The new algorithm proposed, the 3D-ILPS, further improves the performance of the ILPS scheme since it has been specifically studied for the 3D environment. Predicting the depth view from the same color view with the aid of the DIBR algorithm, this new algorithm has a better coding efficiency. Furthermore it also exhibits a strong robustness to transmission errors, since we can obtain four independent descriptions from the original sequence that can be sent over different channels or with different error protection schemes.

6.3. Subjective Tests

The “objective” results provided by PSNR are complemented by a set of subjective results. We first report, in Figure 20, images from the Breakdance sequence coded at an overall rate of 900 Kbit/sec for the proposed methods. It is supposed that no losses have occurred and it can be seen that the quality of all the algorithms cannot be discriminated (and this is true also at regular size). Figure 21 reports, on the contrary, the same cases when only the base layer of the two descriptions is received.

Visual experiments have been repeated to obtain subjective measures based on the mean opinion score (MOS) that can be very useful in order to produce some sort of metric for the Quality of Experience (QoE) [31]. Although the MOS evaluation could not be performed over a large number of viewers, we have been able to select a relatively small number of people, from our and neighboring laboratories, divided in two groups of about 10 persons each: with and without experience in video coding. We report only the results for the Color view, as the results for the other views are very similar to the ones reported.

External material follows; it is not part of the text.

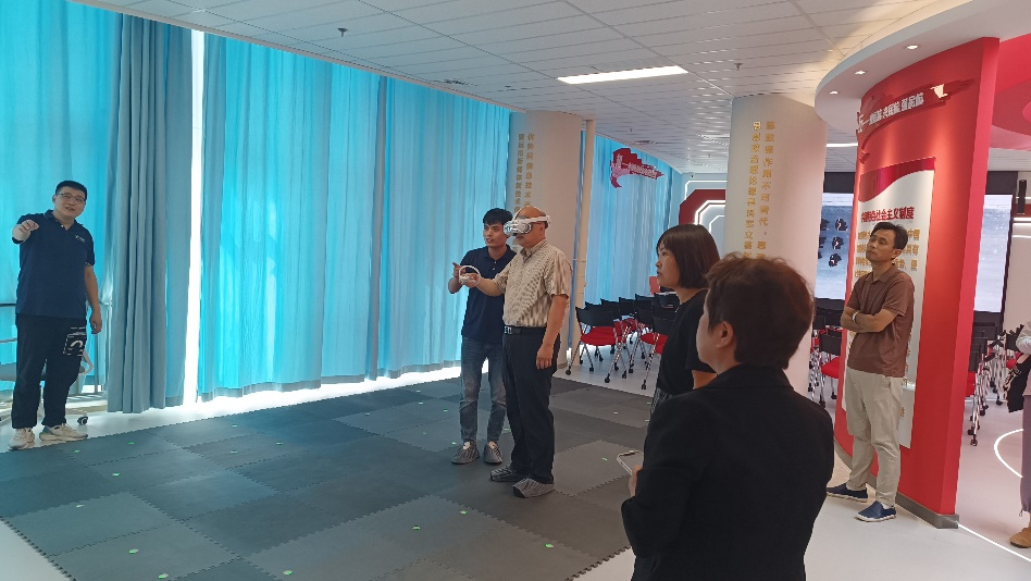 与会教师与思政系教师们一同参观了暑期落成的“中国民航大学马克思主义学院思政课沉浸式教学创新中心”。分管副院长介绍了中心的设计理念和建设细节。设备技术人员展示了中心的各项功能,并针对设备操作方法、安全管理注意事项等内容对老师们进行了培训。

Results are in Tables 5 and 6. It is possible to see that the proposed method seems to achieve the same or even slightly better performances than PSS-MD, and at least the same performance than the SDC and MVC, in particular with packet losses. It is important to highlight that the 3D-ILPS method seems to give the best overall subjective quality among the proposed methods.

7. Conclusions

In this paper we have introduced an novel algorithm to generate 3D multiple descriptions in a H.264/SVC coder, with the use of depth and color views, as well left and right views, and we have shown its performance. Provided results show its effectiveness in terms of both coding efficiency, robustness, and flexibility. Work is in progress to improve these algorithms and to introduce them in more realistic network scenarios. In addition, future works will be related to introduce Medium Grain Scalability in each layer in order to be more flexible in transmission environments with varying effective bandwidth. Work is also planned to study more specific quality measures and models to determine rate distortion functions suitable to further adapt the proposed schemes and to be used in a more extensive QoE framework.

Acknowledgments

This work is partially supported by the Italian Ministry of Research (MUR) under Grants FIRB-RBIN043TKY “Software and Communication Platforms for High-Performance Collaborative Grid.”